### DATASET RECORDS
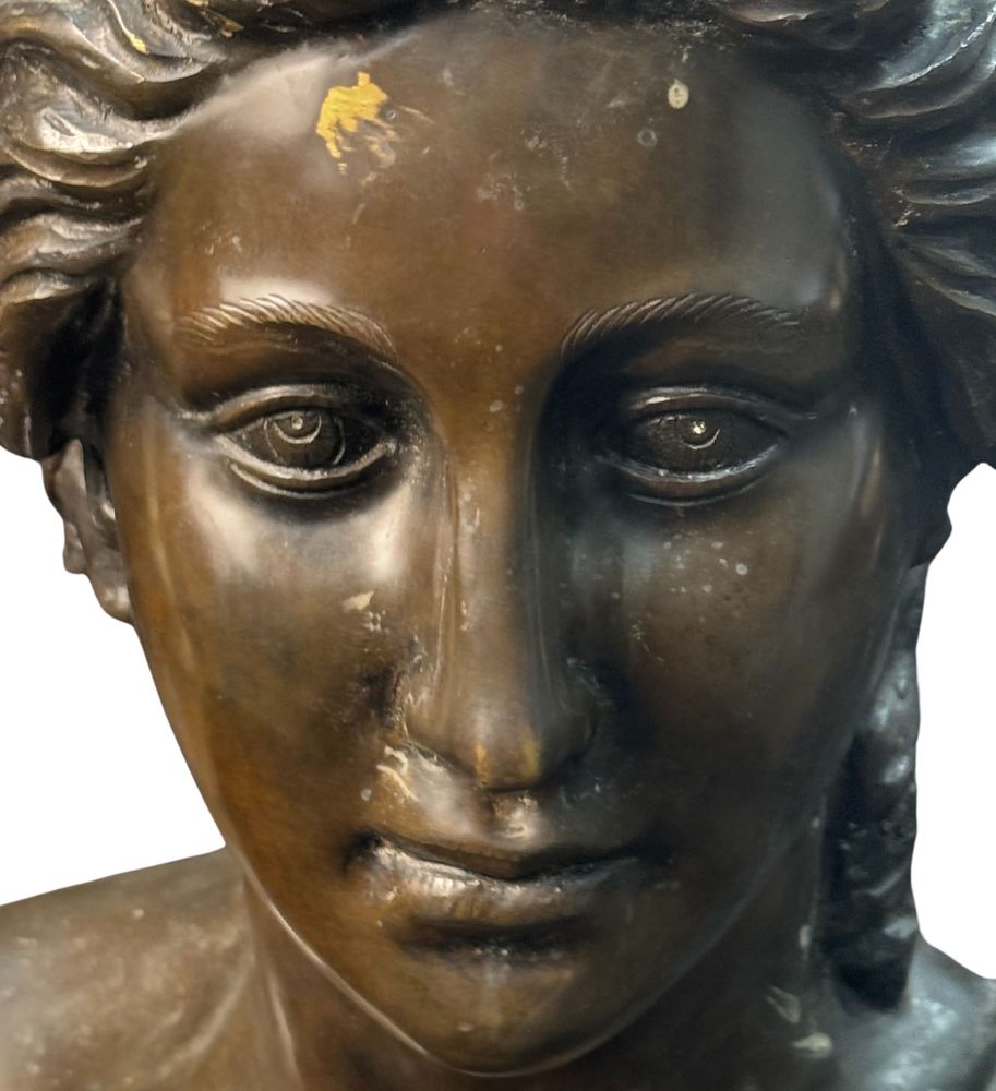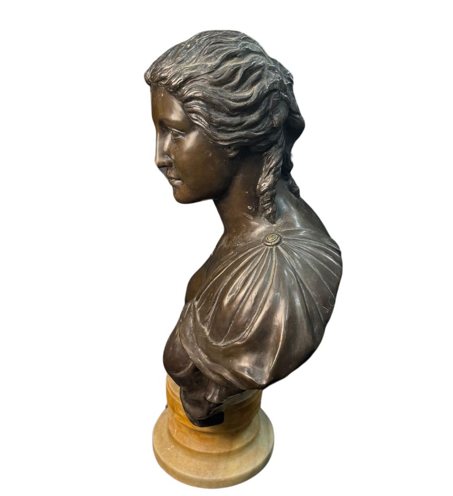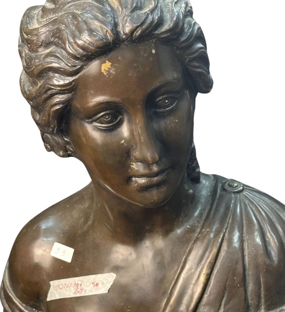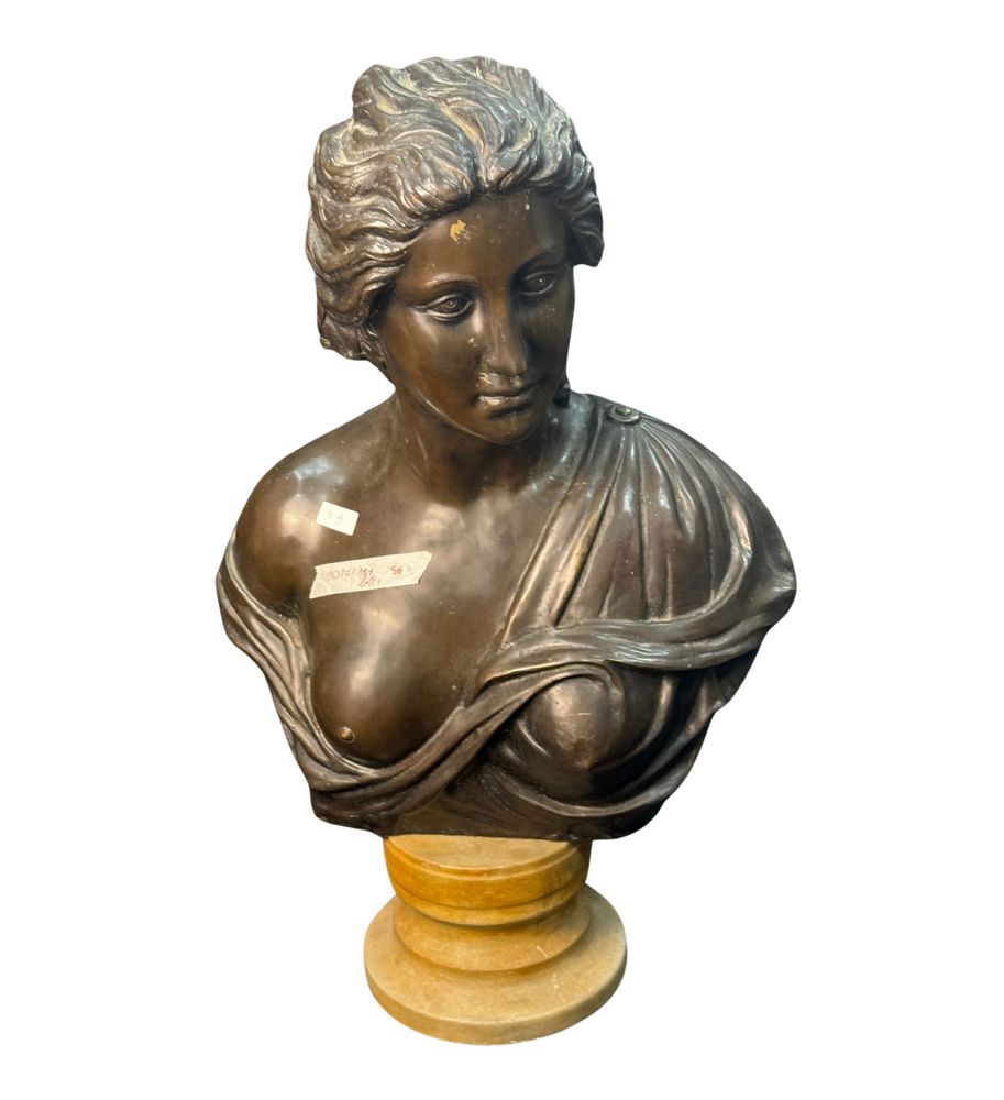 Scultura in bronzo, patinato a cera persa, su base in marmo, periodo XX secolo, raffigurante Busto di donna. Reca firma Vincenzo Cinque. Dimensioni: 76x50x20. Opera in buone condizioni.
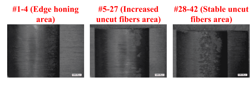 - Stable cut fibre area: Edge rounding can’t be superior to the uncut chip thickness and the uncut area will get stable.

--

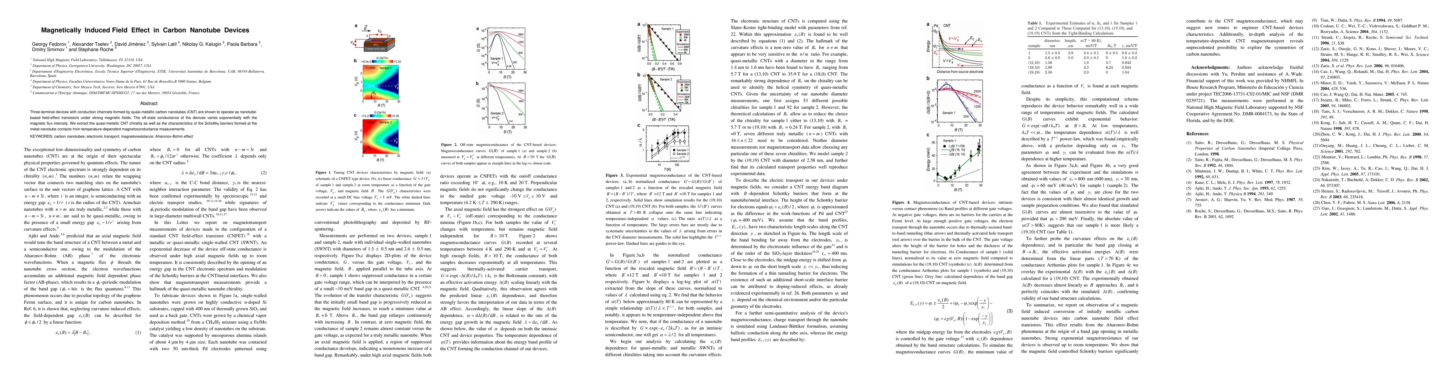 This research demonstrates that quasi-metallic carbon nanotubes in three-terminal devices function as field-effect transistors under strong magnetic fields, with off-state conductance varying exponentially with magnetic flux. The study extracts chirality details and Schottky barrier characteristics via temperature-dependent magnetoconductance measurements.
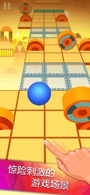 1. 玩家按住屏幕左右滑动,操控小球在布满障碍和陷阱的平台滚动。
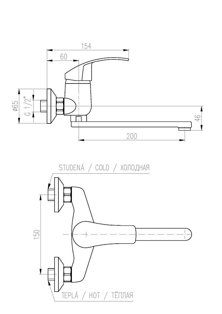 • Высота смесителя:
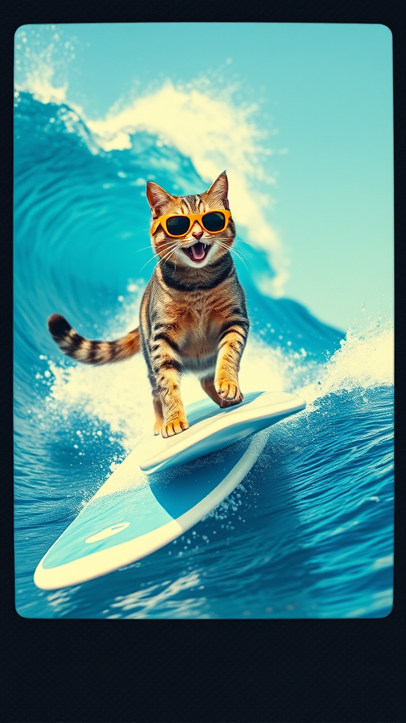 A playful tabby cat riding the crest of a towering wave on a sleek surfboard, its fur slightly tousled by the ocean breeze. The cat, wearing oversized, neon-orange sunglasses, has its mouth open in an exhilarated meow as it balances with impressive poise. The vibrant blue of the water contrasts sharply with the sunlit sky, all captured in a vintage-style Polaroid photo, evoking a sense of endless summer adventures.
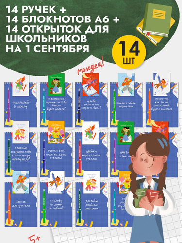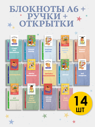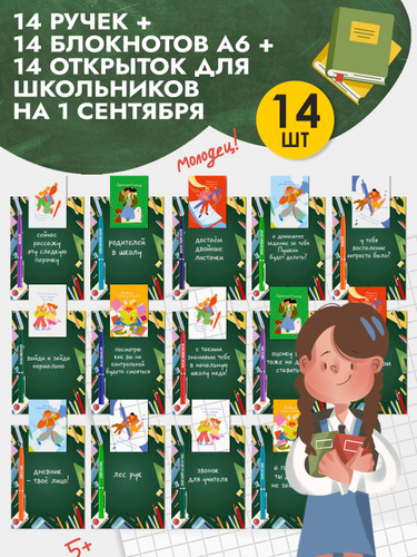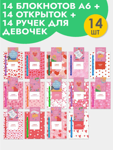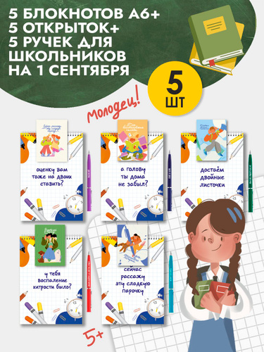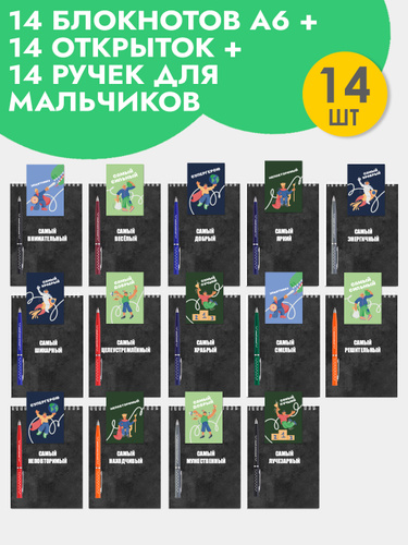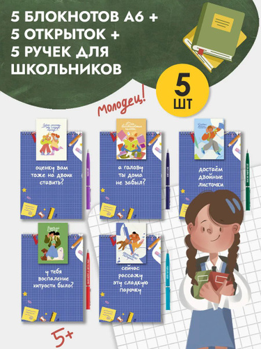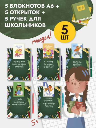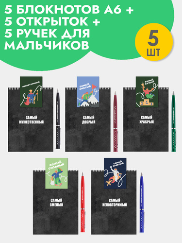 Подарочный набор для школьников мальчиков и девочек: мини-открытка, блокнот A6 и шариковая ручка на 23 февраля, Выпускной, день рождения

### WHAT THE EXERCISE ASKS
Look above for the line holding "1. 玩家按住屏幕左右滑动,操控小球在布满障碍和陷阱的平台滚动。" and output everything from it down to the line holding "Подарочный набор для", both ends included, exactly and without images.

### SOLUTION FOR THIS EXERCISE
 1. 玩家按住屏幕左右滑动,操控小球在布满障碍和陷阱的平台滚动。
 • Высота смесителя:
 A playful tabby cat riding the crest of a towering wave on a sleek surfboard, its fur slightly tousled by the ocean breeze. The cat, wearing oversized, neon-orange sunglasses, has its mouth open in an exhilarated meow as it balances with impressive poise. The vibrant blue of the water contrasts sharply with the sunlit sky, all captured in a vintage-style Polaroid photo, evoking a sense of endless summer adventures.
 Подарочный набор для школьников мальчиков и девочек: мини-открытка, блокнот A6 и шариковая ручка на 23 февраля, Выпускной, день рождения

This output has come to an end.